The context remains the following :
- host A is supposed to be CARP MASTER, has advskew 20 and preempt
- host B is supposed to be CARP BACKUP, has advskew 150 and preempt
- host B assumes mastership if the CARPs are configured from rc.conf ,
doesn't if they're set up manually after boot

Note that these 2 boxes were upgraded from 8-STABLE to 10-STABLE.
Host A runs 10.2-BETA1
Host B runs 10.2-PRERELEASE

I used the exact same versions in our pre/QA environments (one BETA1, one
PRERELEASE from the same build) and couldn't replicate the issue.

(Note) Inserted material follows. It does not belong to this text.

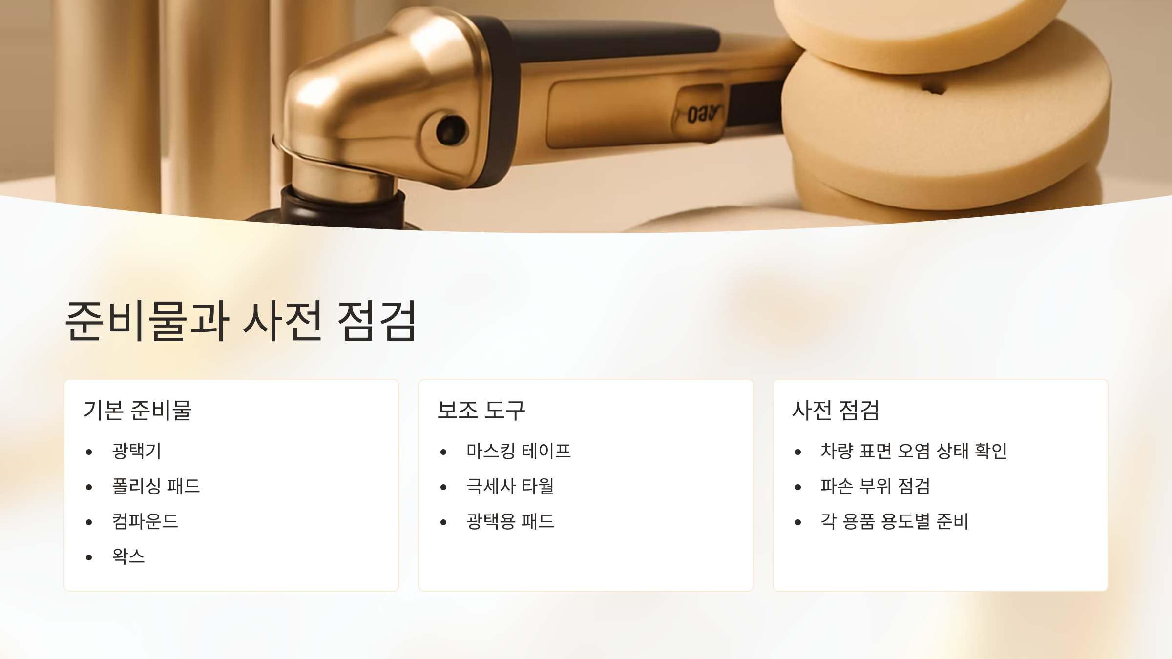 셀프 광택을 시작하기 전, 가장 중요한 건 준비물이 제대로 갖춰져 있는지 확인하는 거예요. 도구가 부족하거나 잘못된 제품을 사용하면 원하는 광택이 안 나올 수 있고, 도장면에 손상을 줄 수도 있거든요. 그래서 광택 전 준비 과정은 작업만큼이나 중요해요.

Now, on to the tests themselves.


A/ Create a new CARP address with a new VHID, configure it in rc.conf and
see if we get double MASTERS
- on Host A : CARP created manually
- on Host B : CARP created manually
Host A is MASTER and Host B is BACKUP

- on Host B : setup the new CARP in rc.conf , reboot
Host A is MASTER and Host B is BACKUP , problem not replicated


B/ Try with only one of our production addresses
- on Host B : uncomment the production CARP address from rc.conf , reboot
Host A is MASTER and Host B is MASTER
Host A shows net.inet.carp.demotion=0
Host B shows net.inet.carp.demotion=240


C/ Try with the new CARP address + one of our production addresses ,
different VHIDs
- on Host B : uncomment the new CARP address from rc.conf , reboot
Host A is MASTER and Host B is MASTER
Host A shows net.inet.carp.demotion=0
Host B shows net.inet.carp.demotion=240


D/ Try the new syntax in rc.conf , as per Freddie's suggestion
- on Host B : change the rc.conf syntax , reboot
Host A is MASTER and Host B is MASTER
Host A shows net.inet.carp.demotion=0
Host B shows net.inet.carp.demotion=240


E/ Try, just for the sake of it, to remove old files and libs on host B
- on Host B : cd /usr/src ; yes | make delete-old ; yes | make
delete-old-libs ; reboot
Host A is MASTER and Host B is MASTER
Host A shows net.inet.carp.demotion=0
Host B shows net.inet.carp.demotion=240


F/ Edit sysctls to disable CARP demotion on advertisement send errors
- on Host A : sysctl net.inet.carp.senderr_demotion_factor=0
- on Host B : set "net.inet.carp.senderr_demotion_factor=0" in sysctl.conf
, reboot
Host A is MASTER and Host B is MASTER
Host A shows net.inet.carp.demotion=0
Host B shows net.inet.carp.demotion=240



Now after this F/ test, I'm thinking there's some voodoo going on here and
it sure shows up :
- on Host A, 'pfctl -si' shows 3k states
- on Host B, 'pfctl -si' shows 800 states

Now that would explain why my CARP gets demoted on Host B (as per man 4
carp, pfsync failures result in a -240 demotion).
It doesn't, however, explain why the demoted CARP chooses to remain in a
MASTER state, or assumed MASTERship in the first place.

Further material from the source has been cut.